Toxic Convenience: The hidden costs of forever chemicals in stain- and water-resistant products
Implications—PFAS in Our Lives
Our tests have found that manufacturers continue to use PFAS widely in apparel and home furnishings. At the same time, we found similar products made without the use of PFAS in each product category.
Surprisingly, the tests revealed widespread use not only of the newer PFAS whose use the chemical industry acknowledges, but also the older PFAS banned in some countries.
This continued use of PFAS has unfortunate implications for communities where PFAS are manufactured and/or applied to textiles, for children and adults living, learning, or working where PFAS-treated items are present, and for communities whose drinking water may be contaminated by landfills leaching PFAS from textiles.
How the Chemicals We Found May Harm Us
6:2 FTOH is the chemical we detected with the highest overall abundance (nearly 50% of detected PFAS) and was present in 37% of the products we sampled, at concentrations up to 2,300 parts per billion (ppb).
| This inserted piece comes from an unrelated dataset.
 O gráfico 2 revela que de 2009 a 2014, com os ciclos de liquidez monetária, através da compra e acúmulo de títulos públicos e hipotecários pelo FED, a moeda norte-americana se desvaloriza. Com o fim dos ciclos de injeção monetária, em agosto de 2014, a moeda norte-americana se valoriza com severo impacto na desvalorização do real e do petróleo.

This chemical is an expected breakdown product of the side-chain fluorinated polymers typically used as surface treatments and together with the detection of fluorine is an indication of the use of this type of polymer. After 6:2 FTOH detaches from the polymer, it in turn breaks down to form persistent PFAS including PFHxA and PFHpA. In 2020, U.S. Food and Drug Administration (FDA) scientists reviewed the toxicity of 6:2 FTOH. They described evidence from laboratory studies that 6:2 FTOH exposure results in effects including kidney and liver degeneration; impacts on thymus and spleen, key immune system organs; developmental effects including decreased survival of young and reduced growth during lactation; and indications of possible carcinogenicity. Shortly after the publication of this review, FDA announced industry’s voluntary withdrawal of food packaging treatments containing this chemical. As our testing shows, however, 6:2 FTOH is still widely present in surface treatments used on textiles.
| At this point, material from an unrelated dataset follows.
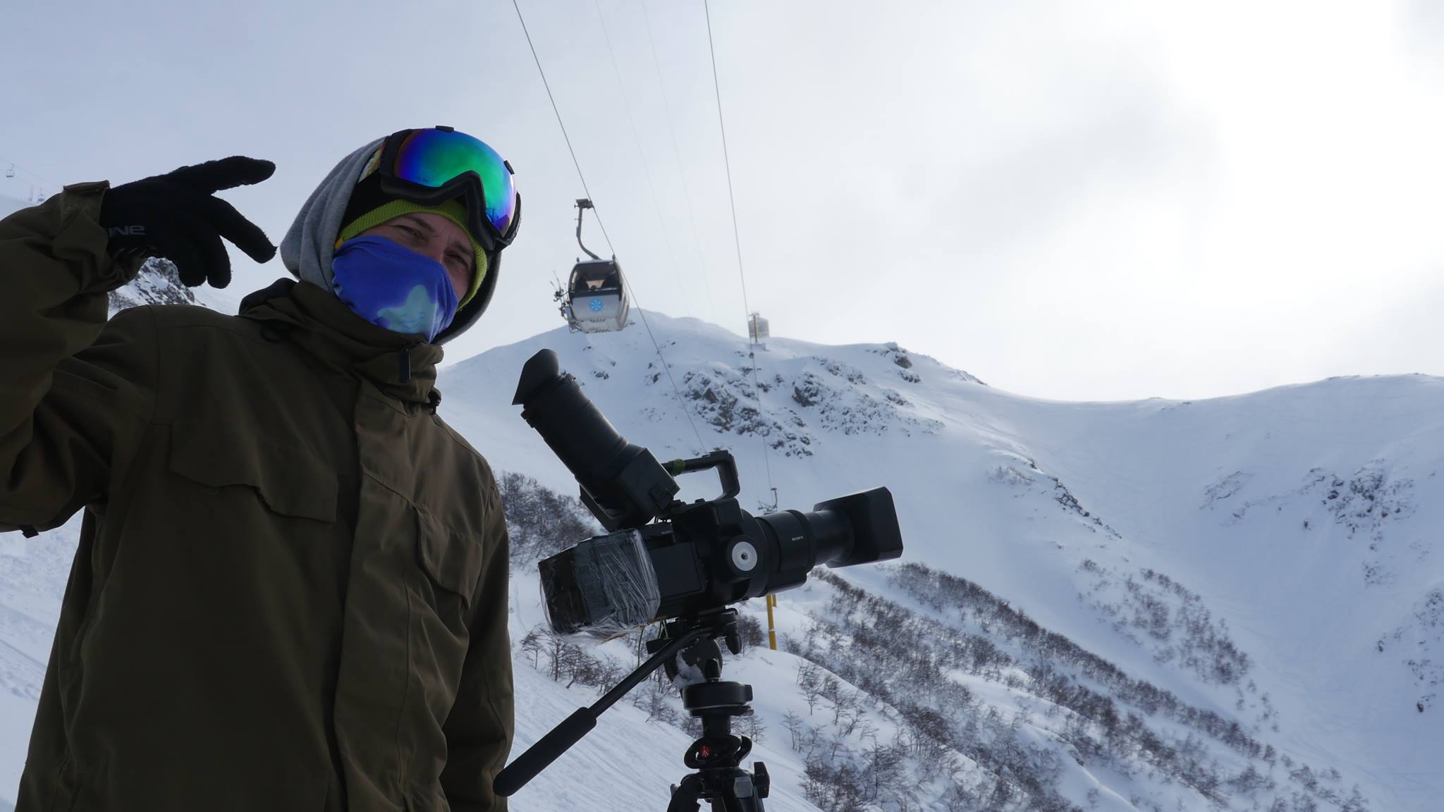 Juan Stadler filmando en el centro de esquí Cerro Bayo.

Surprisingly, this older PFAS was also highly abundant, second only to 6:2 FTOH and detected in 33% of products and at concentrations up to 950 ppb. Its abundance indicates that many textile manufacturers have continued to rely on older PFAS banned in other countries and phased out by U.S. manufacturers. As a result, U.S. residents have continued exposure to 8:2 FTOH and its breakdown products, which include PFOA and PFNA. These compounds are well-established as toxic and bioaccumulative, with estimated half-lives in people of two to 10 years for PFOA and 2.5 to 4.3 years for PFNA. Potential toxic effects of PFOA include harm to the immune system, increased cholesterol, and cancer; and for PFNA, they include increased cholesterol and decreased antibody response to vaccines.
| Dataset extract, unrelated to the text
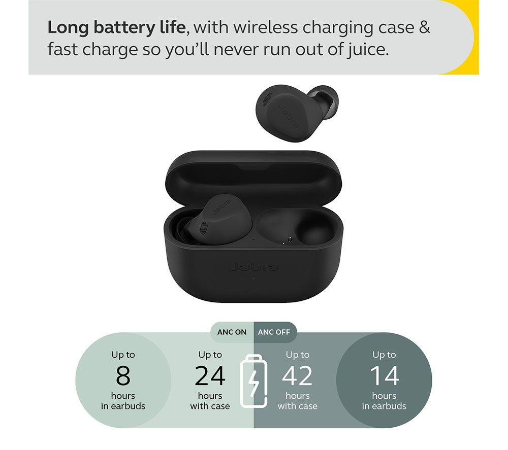 • Battery life :- Earbuds: Up to 8 hours (with ANC) / Up to 14 hours (without ANC)- Total with charging case: Up to 32 hours (with ANC) / Up to 56 hours (without ANC)

PFOA, PFHxA, PFBA and other persistent PFAS
PFOA, PFHxA, PFBA and other persistent PFAS were found in 48% of the products. Detected in 28% of the products, PFOA was the most abundant persistent PFAS overall in terms of concentrations, followed by PFBA (12% of products) and PFHxA (37% of products). PFOA was present at a relatively high concentration in the pants we purchased at Walmart (29 ppb) and a tablecloth purchased at TJX (HomeGoods) (38 ppb). The new-generation compounds such as PFHxA and PFBA have not been as well-studied as PFOA, but laboratory studies found effects including developmental delays and litter loss (PFBA), stillborn offspring (PFHxA), kidney degeneration (PFHxA), damage to liver function (PFHxA), and effects on lipid metabolism (PFBA, PFHxA, and others).